5機の172S JT-Aで、海上保安庁は飛行機パイロットの独自養成をはじめた。

(2019年8月時点の「やぶログ」記事です。文末に追記しました。)

海保のディーゼル・セスナ(1)からのつづきです。

独自養成

海上保安庁は、この172SJT-A)を「飛行機操縦要員の養成体制の整備を進めるために必要な教官要員予定者の技量維持等を行うため、(略)千歳航空基地に配属させる」(JCG広報資料、2018.2.16)としています。つまり、海保が独自で飛行機(固定翼機)操縦士を養成することにし、その訓練機として172S(JT-A)を5機 導入したのです。独自養成するためには操縦教官が必要なので、いまは千歳基地でその教官養成訓練を行っている、というわけですね。

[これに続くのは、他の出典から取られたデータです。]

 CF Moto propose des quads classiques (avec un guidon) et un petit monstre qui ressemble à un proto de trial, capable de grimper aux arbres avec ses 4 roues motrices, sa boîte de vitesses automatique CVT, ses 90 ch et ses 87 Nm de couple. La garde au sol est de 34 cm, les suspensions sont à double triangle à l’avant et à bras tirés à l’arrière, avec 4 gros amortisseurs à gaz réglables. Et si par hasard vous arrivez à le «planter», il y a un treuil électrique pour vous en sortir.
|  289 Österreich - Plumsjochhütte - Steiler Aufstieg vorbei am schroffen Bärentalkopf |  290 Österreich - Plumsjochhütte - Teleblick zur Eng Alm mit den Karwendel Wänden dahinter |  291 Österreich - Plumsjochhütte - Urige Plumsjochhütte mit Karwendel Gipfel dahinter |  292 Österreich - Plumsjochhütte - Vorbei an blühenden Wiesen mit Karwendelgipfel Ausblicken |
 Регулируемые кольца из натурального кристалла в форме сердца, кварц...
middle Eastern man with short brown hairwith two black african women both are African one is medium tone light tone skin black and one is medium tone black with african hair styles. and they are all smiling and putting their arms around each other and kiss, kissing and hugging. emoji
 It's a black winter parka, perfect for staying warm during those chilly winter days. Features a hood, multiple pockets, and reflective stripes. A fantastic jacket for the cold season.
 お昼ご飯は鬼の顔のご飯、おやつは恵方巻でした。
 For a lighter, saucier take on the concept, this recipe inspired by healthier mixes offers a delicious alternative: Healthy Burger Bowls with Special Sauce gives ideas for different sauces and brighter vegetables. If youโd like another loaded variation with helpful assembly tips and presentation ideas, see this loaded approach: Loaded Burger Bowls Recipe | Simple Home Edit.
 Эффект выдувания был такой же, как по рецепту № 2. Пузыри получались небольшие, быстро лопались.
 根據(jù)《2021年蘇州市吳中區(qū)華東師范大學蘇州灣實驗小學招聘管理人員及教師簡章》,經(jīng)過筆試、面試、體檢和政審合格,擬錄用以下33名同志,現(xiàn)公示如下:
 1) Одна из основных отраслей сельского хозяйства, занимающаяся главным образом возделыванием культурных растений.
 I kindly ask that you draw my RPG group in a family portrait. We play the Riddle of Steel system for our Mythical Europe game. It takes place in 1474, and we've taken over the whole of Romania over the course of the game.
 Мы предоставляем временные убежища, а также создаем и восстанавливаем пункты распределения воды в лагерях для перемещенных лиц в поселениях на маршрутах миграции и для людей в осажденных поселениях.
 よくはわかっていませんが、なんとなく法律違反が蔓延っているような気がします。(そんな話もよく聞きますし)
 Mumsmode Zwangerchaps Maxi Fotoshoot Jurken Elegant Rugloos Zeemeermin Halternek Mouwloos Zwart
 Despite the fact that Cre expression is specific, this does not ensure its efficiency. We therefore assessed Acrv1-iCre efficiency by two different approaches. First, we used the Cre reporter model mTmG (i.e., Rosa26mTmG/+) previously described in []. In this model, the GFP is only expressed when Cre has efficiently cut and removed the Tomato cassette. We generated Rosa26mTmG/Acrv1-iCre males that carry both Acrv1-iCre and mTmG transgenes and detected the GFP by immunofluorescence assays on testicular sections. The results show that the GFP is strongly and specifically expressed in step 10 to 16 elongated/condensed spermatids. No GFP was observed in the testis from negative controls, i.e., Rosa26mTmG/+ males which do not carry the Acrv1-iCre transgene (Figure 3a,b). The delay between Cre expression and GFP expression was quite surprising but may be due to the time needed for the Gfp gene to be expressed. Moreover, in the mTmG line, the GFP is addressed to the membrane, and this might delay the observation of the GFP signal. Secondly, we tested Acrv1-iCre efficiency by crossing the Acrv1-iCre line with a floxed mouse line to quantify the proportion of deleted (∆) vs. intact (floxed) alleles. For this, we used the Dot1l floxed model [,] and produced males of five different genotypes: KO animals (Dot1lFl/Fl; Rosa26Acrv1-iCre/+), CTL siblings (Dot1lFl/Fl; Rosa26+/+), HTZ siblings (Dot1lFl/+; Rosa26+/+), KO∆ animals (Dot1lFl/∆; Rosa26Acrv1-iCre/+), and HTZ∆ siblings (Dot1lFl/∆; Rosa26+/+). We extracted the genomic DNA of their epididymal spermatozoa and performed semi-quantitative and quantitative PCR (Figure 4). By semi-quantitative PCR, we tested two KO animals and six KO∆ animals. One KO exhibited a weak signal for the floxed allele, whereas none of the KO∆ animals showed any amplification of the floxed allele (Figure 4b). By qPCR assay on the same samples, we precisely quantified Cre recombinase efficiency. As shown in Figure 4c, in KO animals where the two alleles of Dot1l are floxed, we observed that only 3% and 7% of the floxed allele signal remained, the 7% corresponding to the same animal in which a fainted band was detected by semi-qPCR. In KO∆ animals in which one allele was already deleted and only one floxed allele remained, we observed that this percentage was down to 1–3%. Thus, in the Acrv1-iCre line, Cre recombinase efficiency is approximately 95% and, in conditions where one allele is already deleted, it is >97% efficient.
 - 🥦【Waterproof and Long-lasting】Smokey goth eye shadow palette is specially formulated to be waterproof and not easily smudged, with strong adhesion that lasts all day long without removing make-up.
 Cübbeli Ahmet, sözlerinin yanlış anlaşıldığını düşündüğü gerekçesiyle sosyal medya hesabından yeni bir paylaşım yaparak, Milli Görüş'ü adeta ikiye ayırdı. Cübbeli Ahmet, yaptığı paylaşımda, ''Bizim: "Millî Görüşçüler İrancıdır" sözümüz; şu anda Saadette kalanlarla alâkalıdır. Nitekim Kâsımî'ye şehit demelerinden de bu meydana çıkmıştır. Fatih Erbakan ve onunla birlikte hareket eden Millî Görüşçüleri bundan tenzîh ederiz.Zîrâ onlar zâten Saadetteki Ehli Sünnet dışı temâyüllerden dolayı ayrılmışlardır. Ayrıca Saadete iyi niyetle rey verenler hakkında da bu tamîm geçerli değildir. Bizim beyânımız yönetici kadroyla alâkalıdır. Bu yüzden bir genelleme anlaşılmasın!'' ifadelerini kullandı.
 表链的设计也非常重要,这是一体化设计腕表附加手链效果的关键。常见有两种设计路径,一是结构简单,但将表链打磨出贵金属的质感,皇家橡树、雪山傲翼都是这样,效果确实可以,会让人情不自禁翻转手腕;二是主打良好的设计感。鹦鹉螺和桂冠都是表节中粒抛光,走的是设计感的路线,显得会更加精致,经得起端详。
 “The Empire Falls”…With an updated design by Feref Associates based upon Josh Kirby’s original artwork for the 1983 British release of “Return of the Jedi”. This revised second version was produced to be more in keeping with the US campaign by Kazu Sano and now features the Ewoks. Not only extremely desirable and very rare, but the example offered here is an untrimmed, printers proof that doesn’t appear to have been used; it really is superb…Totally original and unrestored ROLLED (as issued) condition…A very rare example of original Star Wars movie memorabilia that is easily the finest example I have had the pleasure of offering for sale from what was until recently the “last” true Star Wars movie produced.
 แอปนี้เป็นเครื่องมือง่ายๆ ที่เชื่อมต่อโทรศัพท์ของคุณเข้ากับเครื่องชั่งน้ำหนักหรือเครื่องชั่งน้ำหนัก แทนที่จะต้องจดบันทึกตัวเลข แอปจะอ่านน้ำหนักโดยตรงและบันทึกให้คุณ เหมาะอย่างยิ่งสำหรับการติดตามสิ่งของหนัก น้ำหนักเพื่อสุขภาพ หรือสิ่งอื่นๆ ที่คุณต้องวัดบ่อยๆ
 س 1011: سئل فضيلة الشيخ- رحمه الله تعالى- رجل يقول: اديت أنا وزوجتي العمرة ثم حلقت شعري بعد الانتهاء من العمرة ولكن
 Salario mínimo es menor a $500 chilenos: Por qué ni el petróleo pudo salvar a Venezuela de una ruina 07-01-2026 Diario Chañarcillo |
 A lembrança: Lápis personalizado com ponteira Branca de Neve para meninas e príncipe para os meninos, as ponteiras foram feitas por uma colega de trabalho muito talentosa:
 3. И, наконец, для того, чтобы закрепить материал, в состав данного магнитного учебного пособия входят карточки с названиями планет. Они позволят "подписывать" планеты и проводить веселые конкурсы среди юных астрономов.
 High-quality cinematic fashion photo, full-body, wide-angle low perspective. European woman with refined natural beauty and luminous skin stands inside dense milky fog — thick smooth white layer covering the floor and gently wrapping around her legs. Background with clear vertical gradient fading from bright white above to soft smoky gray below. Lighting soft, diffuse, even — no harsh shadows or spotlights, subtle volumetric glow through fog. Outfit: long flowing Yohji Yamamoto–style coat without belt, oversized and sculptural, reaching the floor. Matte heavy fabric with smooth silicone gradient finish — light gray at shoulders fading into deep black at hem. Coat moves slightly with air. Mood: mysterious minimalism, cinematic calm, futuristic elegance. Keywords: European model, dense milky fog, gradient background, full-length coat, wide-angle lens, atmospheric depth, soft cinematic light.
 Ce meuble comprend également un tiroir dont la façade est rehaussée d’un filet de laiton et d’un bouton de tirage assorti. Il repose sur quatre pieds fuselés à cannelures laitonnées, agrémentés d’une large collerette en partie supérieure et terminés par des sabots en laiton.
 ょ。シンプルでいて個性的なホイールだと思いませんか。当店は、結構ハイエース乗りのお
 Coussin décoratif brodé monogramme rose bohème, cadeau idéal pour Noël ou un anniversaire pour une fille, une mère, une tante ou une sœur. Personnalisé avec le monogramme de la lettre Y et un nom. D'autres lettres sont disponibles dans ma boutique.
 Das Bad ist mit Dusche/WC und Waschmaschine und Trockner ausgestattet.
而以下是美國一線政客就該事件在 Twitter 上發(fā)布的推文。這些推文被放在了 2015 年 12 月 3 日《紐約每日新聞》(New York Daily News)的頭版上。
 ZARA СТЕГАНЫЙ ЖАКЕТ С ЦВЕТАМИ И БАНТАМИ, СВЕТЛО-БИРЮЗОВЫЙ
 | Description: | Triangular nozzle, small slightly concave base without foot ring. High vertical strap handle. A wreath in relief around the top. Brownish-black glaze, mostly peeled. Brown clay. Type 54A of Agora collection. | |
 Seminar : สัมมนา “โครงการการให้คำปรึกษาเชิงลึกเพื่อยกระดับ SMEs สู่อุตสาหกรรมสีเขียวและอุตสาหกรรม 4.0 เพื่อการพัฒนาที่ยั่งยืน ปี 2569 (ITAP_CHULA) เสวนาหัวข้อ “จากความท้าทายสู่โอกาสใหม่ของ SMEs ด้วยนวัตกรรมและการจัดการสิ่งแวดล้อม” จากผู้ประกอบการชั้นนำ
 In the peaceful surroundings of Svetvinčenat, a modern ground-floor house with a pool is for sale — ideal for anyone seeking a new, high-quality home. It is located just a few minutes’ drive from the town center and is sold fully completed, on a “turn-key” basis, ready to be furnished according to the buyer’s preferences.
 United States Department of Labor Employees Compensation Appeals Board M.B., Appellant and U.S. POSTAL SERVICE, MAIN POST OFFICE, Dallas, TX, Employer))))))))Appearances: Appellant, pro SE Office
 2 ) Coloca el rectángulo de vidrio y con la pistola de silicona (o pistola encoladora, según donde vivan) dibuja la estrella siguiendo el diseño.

これまで海保の飛行機操縦士の養成は海上自衛隊に委託(年間5人)していたそうですが、2020年度から独自養成を始め、将来は年16人の飛行機操縦士を送り出す計画だそうです(苫小牧民報=Webみんぽう、2019.7.27配信)。

「尖閣」に限らずニュースを賑わすことの多い領海や排他的経済水域の話題、日本の海の担当としてチョー忙しそうですもんね。必要な機材の導入はカネの問題ですむとしても、それを扱う人材の育成にはとても時間がかかりますから、将来の日本を取り巻く状況を見抜く眼が必要でしょう。

訓練機5機の登録記号は次のとおりで、いずれも2018年3月にJAPCONから海保に移転登録されました。(株式会社ジャプコンは、テキストロン・アビエーション社の正規販売代理店)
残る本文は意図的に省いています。